毎度のことながら,普段読んでいる本はほとんどジャケ買いで,特に読もうと思って買う本は稀だったします。そんなわけで,本書を買うときも「パレスチナを勉強しようっ!」とかいった高尚な目的はサラサラありませんでした……。なかったんですけれど……読んでみたら,とても勉強になりました。

本書は,とかく複雑で日本人にはよく分からないとされている中東情勢を,まんがの体裁で分かりやすく説明しています。「まんが」というよりは,「絵本」に近いかもしれません。

内容は,イスラエル人のニッシム君とパレスチナ人のアリ君,そして一匹のねこが中東の歴史を旅するもの。キリスト教・イスラム教・ユダヤ教,それぞれの違いから始まって,紀元前19世紀の世界から,PLO のアラファトが死去したつい先日(2004年11月11日)までの出来事を扱っています。

簡潔で要を得た良書だと思います。エピローグにホロリときてしまいました。

安全と安心の科学』(村上陽一郎,集英社新書,2005年)

『安全と安心の科学』

さらに続きまして……今度は科学と安全の話。例によって,ジャケ買いです……。

ここ数年(そしてつい先日も),大規模な事故が連続して起きているせいか,巷では「危機管理」とか「リスクマネジメント」なんて言葉が流行りだしました。危険(リスク)を管理するとはどういうことなのか。医学,工学,機械学といった理科系な立場からはもちろん,社会学,心理学,哲学といった文科系な視点も含めて,「危険」を多角的に捉える試みがはじまっているようです。

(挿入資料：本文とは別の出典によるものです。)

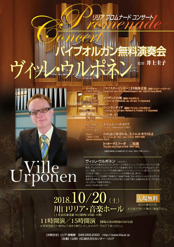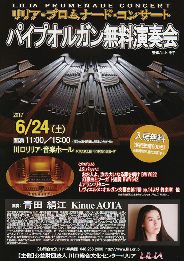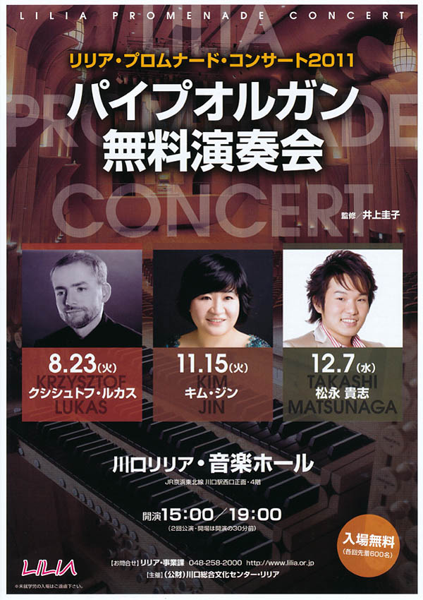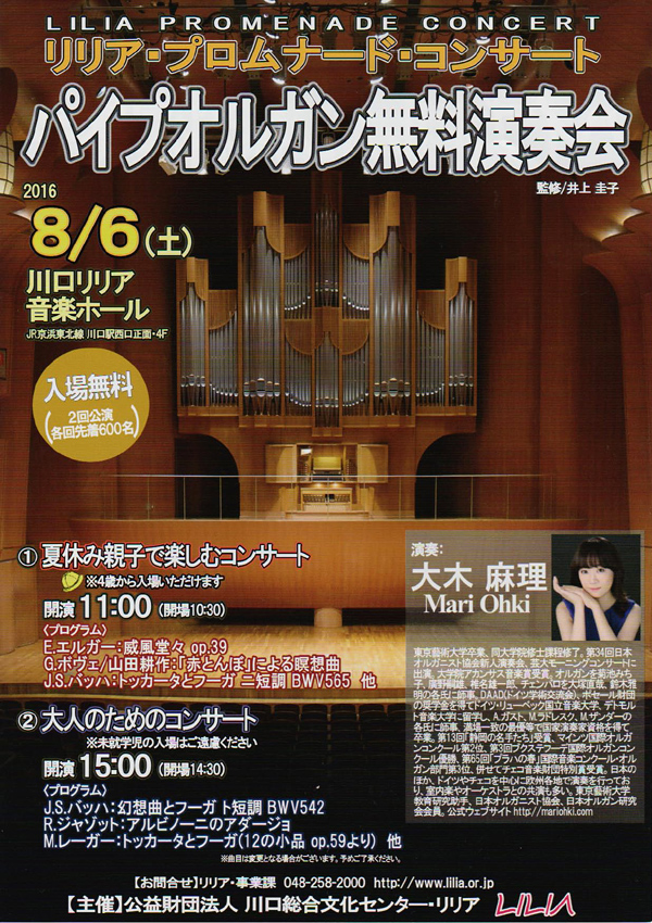 (2014. 9. 15.) 川口リリアホール<プロムナード・コンサート>(私が監修)2014年11月7日(金)

もう1つは,「安心」です。「どれだけ危険か」は定量的に計測できるものだけれど,「どれだけ安心か」は計れません。そこで本書では,「安全」と「安心」の関係についても考えます。どこかの番組で,「ホウレンソウが汚染されている」なんていって裁判沙汰になったことがあったけれど,汚染による危険と安心感の関係はままならないものがあるようです。

The 9/11 Report』(National Commission on Terrorist Attacks Upon the United States 他,St Martins Mass Market Paper,2004年)

『The 9/11 Report』

最後なんですけど,これはまだ読みかけです……。

9.11 のテロに際して,アメリカ政府から独立した形でテロ調査委員会が設けられました。本書は,その委員会が取りまとめた最終報告書です。公的な文書なので,Web からも読むことができます(参照:「9-11 Commission Report」)。「それじゃ買うこともないじゃん」ということにもなりそうなんですけど,それを知ったのは買った後の話なもんで,いたしかたありません……(トホホ)。もっとも,本書は前半に New York Times の記事が掲載してあって,ちょっと得した感じです。

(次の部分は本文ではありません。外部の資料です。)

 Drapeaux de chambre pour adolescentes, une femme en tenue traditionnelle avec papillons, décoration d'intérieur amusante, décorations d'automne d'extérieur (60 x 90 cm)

内容は WTC の事件だけでなく,時間的・地理的にも多角的な視点で,非常に詳細に事の推移を分析しています。公的な報告書とは思えない「読ませる」文体には,ちょっとびっくり。

……と,ここしばらくは,本ばかり読んでたわけですけれど,ジャケ買いのわりに良書にヒットする確率が高くて満足でした。今度の(本の)買い出しは,もう少し計画的にいこうかな……。